DESCRIPTION OF THE TASK = Before you return the entries below, strip out the pictures and keep all else exact.
++++++++++
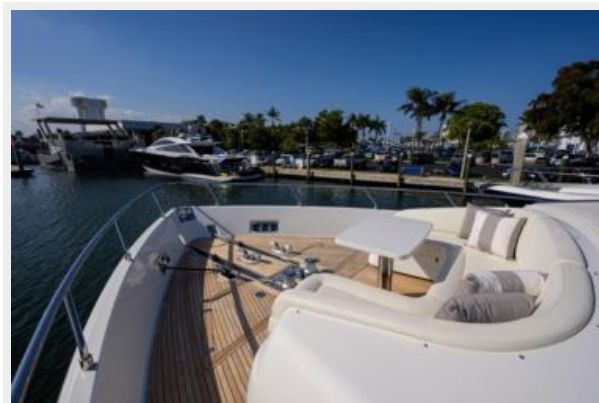
"Bella Rona" 2016 Ferretti 800 - Bow
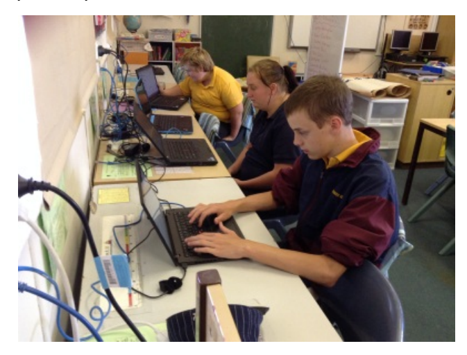
Students working on the new laptops
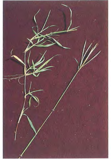
Pertusa or Indian couch
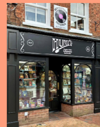
Shop Front Grant
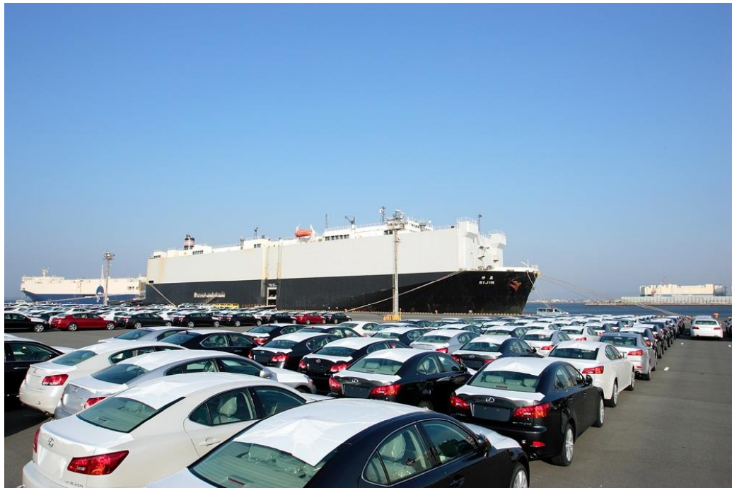
Automobiles ready for export
++++++++++
ANSWER BOX =
"Bella Rona" 2016 Ferretti 800 - Bow
Students working on the new laptops
Pertusa or Indian couch
Shop Front Grant
Automobiles ready for export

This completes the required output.